I have an '88 Blazer and when I got it the motor was shot. So I bought a rebuilt to replace it from a guy a town over. He warned me that it ran rich, and he wasn't kidding. I am currently getting about 8 MPG and when driving you can tell that the engine is flooding a little due to the way it stutters. I also have a problem where, especially on rainy days, I get quick moments where the engine will cut out then come back. It can happen up to about 5 times a minute. I've used products to get rid of the condensation in the tank but it still does it. I've had it to a garage a few times, but it never gave out any codes. Anybody have an ideas to what is going on?  

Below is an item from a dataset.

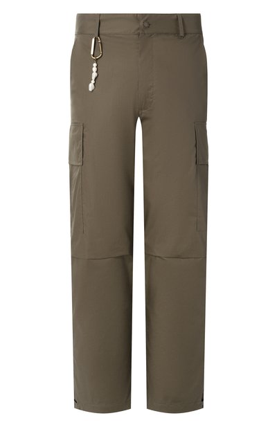 Брюки Saint со складками на коленях и усиленной ластовицей сшили из хлопкового поплина. Модель с регулируемыми ремешками по низу дополнили боковыми карманами, задними с клапанами и большими карго. На поясе сзади – нашивка с логотипом.
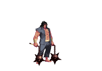 是用轮链锤来攻击,一般都是直线只要注意他普通攻击不要被击晕就好如下图

Guru | Posts: 1001 | Joined: 09/08
Posted: 05/18/09
09:25 AM

The cutting out in the rain seems like an ignition problem check for cracks in the coil etc.  Have you gone through the ignition?  What kind of shape are the injectors in?  

LrsUlrich LrsUlrich
New User | Posts: 4 | Joined: 05/09
Posted: 05/18/09
05:27 PM

The injectors seem to be in good condition. I'll be honest and say that I'm newer to cars, my father helps me out a lot. He's more of a carb guy, but he is a little familiar with TBI. Everything seems to be in working order...The ignition and everything was replaced when it we rebuilt. I've had some quarks with it, but most of them seemed to have worked themselves out. No one seems to know why I'm going through so much fuel. So to answer your question, as far as I know everything is in working order.  

55Guy 55Guy
Guru | Posts: 895 | Joined: 08/07
Posted: 05/19/09
06:28 AM

Are you getting a check engine light?

My first guess to your problem would be a bad O2 sensor (located on drivers side exhaust pipe just behind the exhaust manifold). If the O2 goes bad, that'll make the motor run pig rich. First check to make sure it's plugged in (common for them to be left unplugged in a motor swap.) If the O2 is good, then the next problem item could be the throttle position sensor (TPS), either it's bad or out of adjustment.

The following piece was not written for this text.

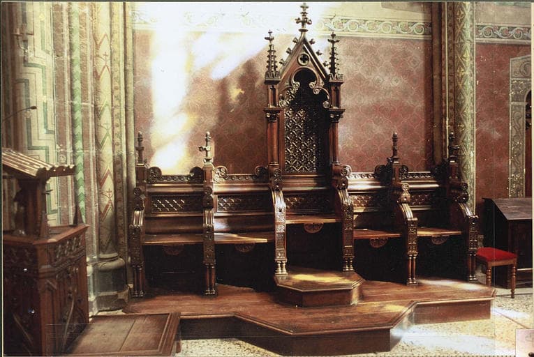 POP | Plateforme ouverte du patrimoinemobilier néogothique : chaire à prêcher, deux confessionnaux, un banc d'oeuvre, deux sièges de célébrants, un lutrin

From there, it could be a stuck injector or maybe the computer has gone bad.

An O2 sensor for that truck is about $20, that's where I'd start. Also make sure the wiring leading to the plug is ok and not cut or frayed anywhere.  

LrsUlrich LrsUlrich
New User | Posts: 4 | Joined: 05/09
Posted: 05/19/09
06:22 PM

Yes I have a check engine light, but it does not come on till about 190 degrees. And as far as I know, that '88s don't have an O2 sensor. I have the stock manifolds on and there is no sensor. The TPS could be giving me the problem, it's just going to be a lot of tinkering to fix this.

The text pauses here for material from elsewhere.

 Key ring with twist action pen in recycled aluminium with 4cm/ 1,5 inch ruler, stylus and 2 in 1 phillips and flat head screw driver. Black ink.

Now if I'm wrong about the O2 sensor, please tell me. Cause from everything I've seen, an '88 350 TBI does not have one. But if I'm supposed to, it's not beyond my capabilities to install one.  

waynep712 waynep712
Enthusiast | Posts: 264 | Joined: 01/08
Posted: 05/22/09
07:49 PM

all tbi motors have an oxygen sensor installed in the exhaust pipe...... that is the only way it can set the fuel mixture...

it could also have a blown out fuel pressure regulator... in the throttle body housing..    when they blow out...  the dump gasoline right into the intake ...  

the throttle body gasket kit is under 10 bucks at most stores....  the fuel pressure regulator part is under 40 bucks...

depending on where you buy them....  you really need both... plan on a few hours... to do it...  most of the throttle body gasket sets come with new injector orings.. gaskets, and new injector filters that slip on with some work on the bottom of the injectors...   warning.. they do not come with new fuel line Orings...  large and small...  so you will need to find them in a fuel rail seal kit ... or a dorman help package...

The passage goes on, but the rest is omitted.